--- Task requirements ---
Give the data again exactly, without its images.

(Dataset records)

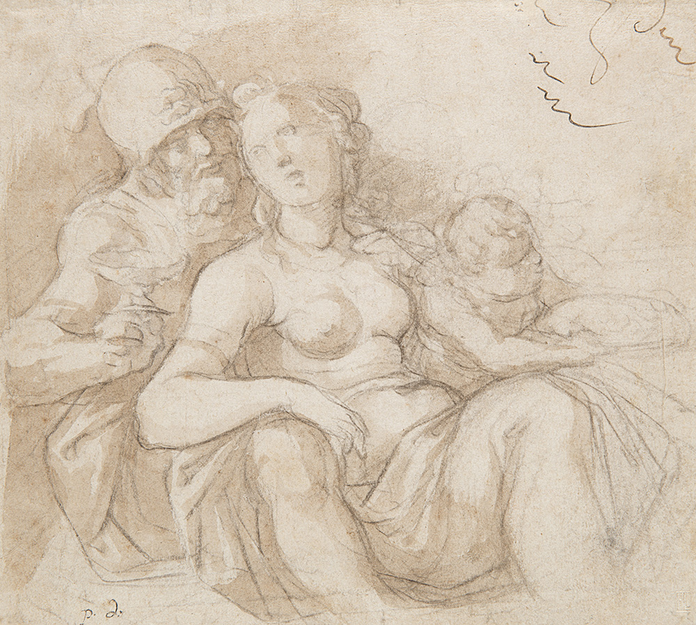 Scuola italiana del secolo XVIIMarte e VenereMatita nera e acquerello su...
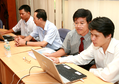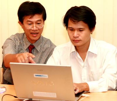 Ông Nguyễn Đức Hiệp (trái), đang tư vấn cho các thí sinh. |
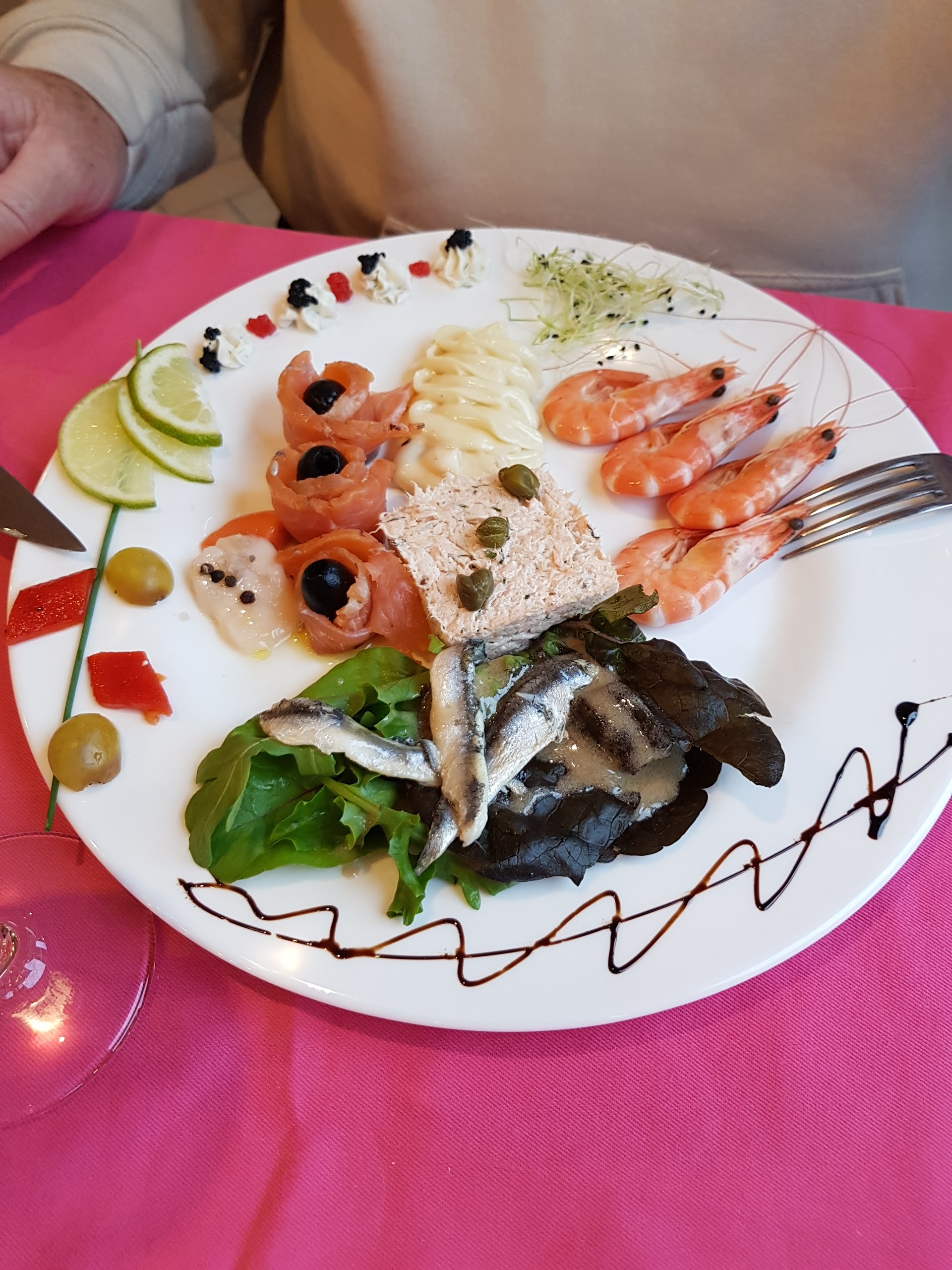 Cadre très agréable mais côté restauration pas génial assiette de poisson seul le saumon fumé été bon et la mayo qui été maison côté plat la cuisse de canard servie froide la sauce au poivre le seule goût quel avais c est celui de l arôme patrel et tous sa pour 30 euro pas vraiment génial
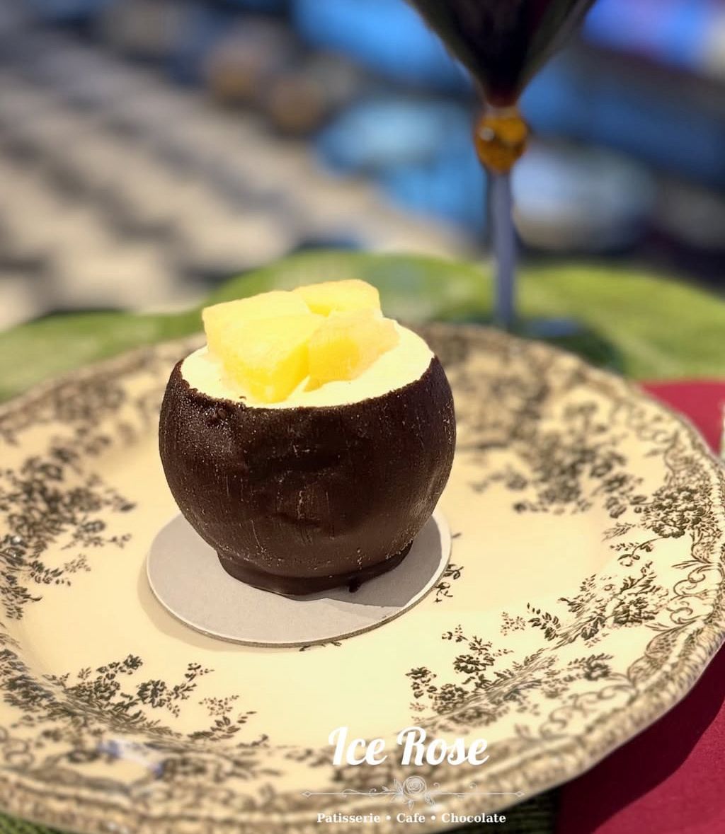 Çikolatalı dondurma, süt ve buz ile hazırlanıp servis edilir.
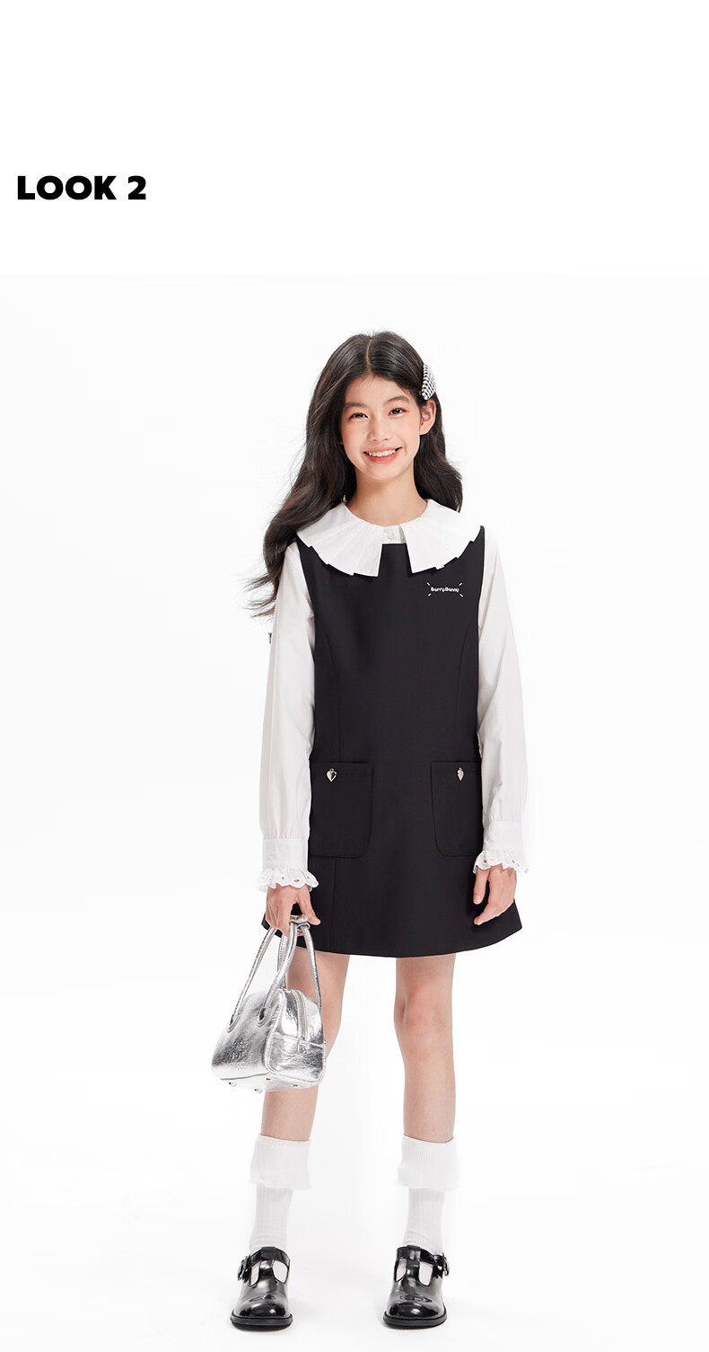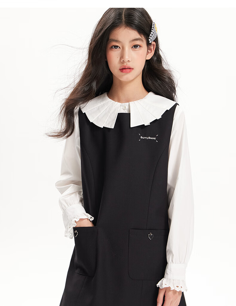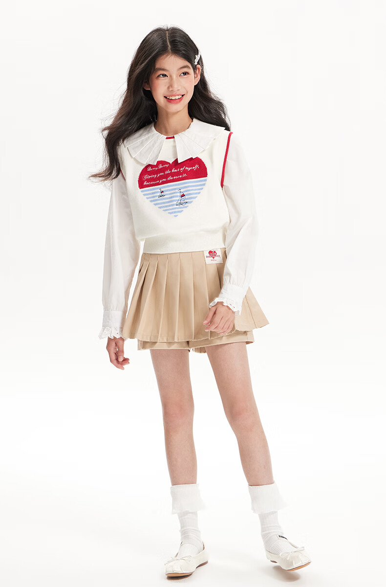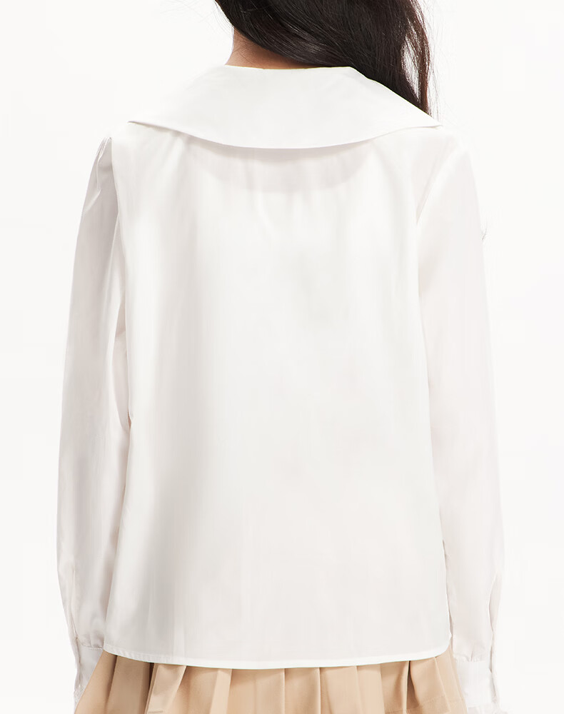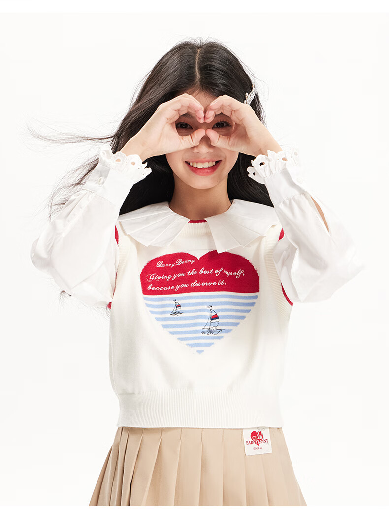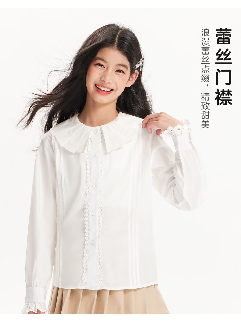 BARRY BANNY Girls' Tencel Lyocell Shirt 2026 Spring Doll Collar Top Loose Cardigan CX506 White 160
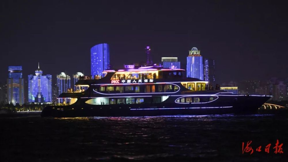 海口碧海龍騰水上巴士公司副總經理侯方圓介紹,在出海觀光的過程中穿插海南文化、城市發展等小故事講解,配以特色的互動演出,將瓊島文化與夜游活動深度融合,深受游客歡迎。

--- Response to the exercise ---
 Scuola italiana del secolo XVIIMarte e VenereMatita nera e acquerello su...
 Ông Nguyễn Đức Hiệp (trái), đang tư vấn cho các thí sinh. |
 Cadre très agréable mais côté restauration pas génial assiette de poisson seul le saumon fumé été bon et la mayo qui été maison côté plat la cuisse de canard servie froide la sauce au poivre le seule goût quel avais c est celui de l arôme patrel et tous sa pour 30 euro pas vraiment génial
 Çikolatalı dondurma, süt ve buz ile hazırlanıp servis edilir.
 BARRY BANNY Girls' Tencel Lyocell Shirt 2026 Spring Doll Collar Top Loose Cardigan CX506 White 160
 海口碧海龍騰水上巴士公司副總經理侯方圓介紹,在出海觀光的過程中穿插海南文化、城市發展等小故事講解,配以特色的互動演出,將瓊島文化與夜游活動深度融合,深受游客歡迎。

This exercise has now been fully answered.